● **Source data**
• • • •
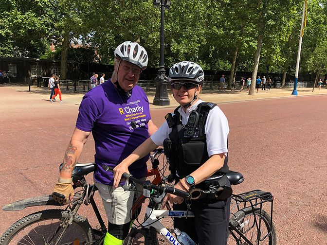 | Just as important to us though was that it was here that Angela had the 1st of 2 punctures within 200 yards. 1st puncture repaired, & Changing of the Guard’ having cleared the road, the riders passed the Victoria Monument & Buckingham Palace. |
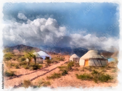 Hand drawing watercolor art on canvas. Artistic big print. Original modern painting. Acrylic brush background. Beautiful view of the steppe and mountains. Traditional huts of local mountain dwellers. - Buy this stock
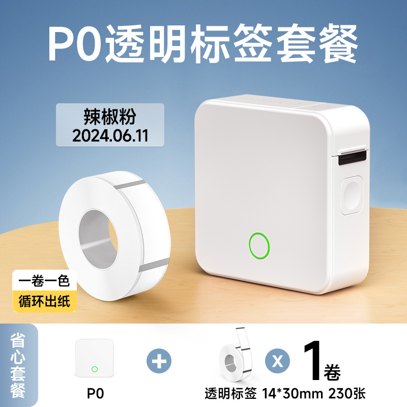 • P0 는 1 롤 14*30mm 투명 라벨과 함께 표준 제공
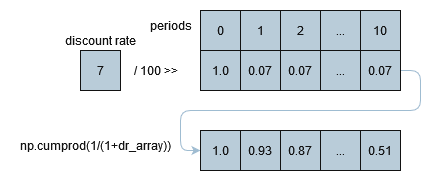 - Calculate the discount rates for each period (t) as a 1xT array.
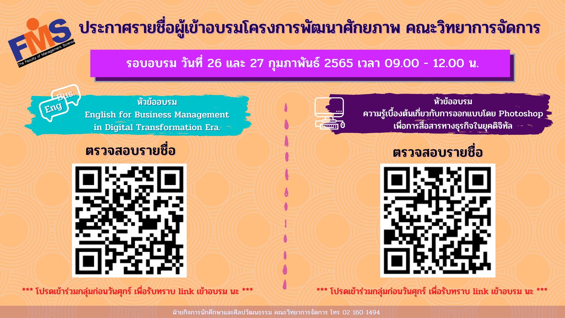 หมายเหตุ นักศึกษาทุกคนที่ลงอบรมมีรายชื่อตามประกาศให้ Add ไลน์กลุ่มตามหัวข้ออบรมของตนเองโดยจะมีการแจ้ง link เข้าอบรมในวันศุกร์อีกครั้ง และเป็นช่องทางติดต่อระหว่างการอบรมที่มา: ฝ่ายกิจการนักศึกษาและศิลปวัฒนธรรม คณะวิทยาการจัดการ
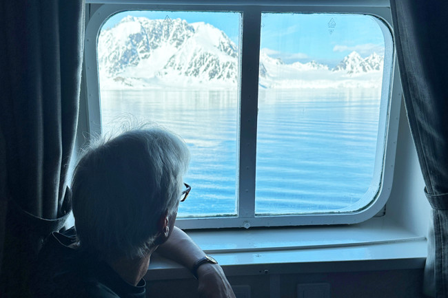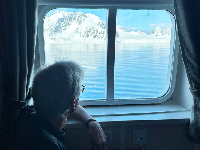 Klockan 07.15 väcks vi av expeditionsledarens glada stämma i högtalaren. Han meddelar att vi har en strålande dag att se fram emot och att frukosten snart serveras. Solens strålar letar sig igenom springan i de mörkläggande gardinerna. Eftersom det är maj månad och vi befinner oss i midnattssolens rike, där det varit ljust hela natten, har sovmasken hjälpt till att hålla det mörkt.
• • • •
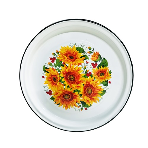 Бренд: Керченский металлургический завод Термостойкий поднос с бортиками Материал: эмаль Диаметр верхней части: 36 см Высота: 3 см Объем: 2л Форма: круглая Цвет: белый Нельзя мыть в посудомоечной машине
• • • •
● **What to work on**
Exact copy, pictures excluded: every line above from the one containing "Hand drawing watercolor" to the one containing "- Calculate the", inclusive, and nothing more.

● **Output**
 Hand drawing watercolor art on canvas. Artistic big print. Original modern painting. Acrylic brush background. Beautiful view of the steppe and mountains. Traditional huts of local mountain dwellers. - Buy this stock
 • P0 는 1 롤 14*30mm 투명 라벨과 함께 표준 제공
 - Calculate the discount rates for each period (t) as a 1xT array.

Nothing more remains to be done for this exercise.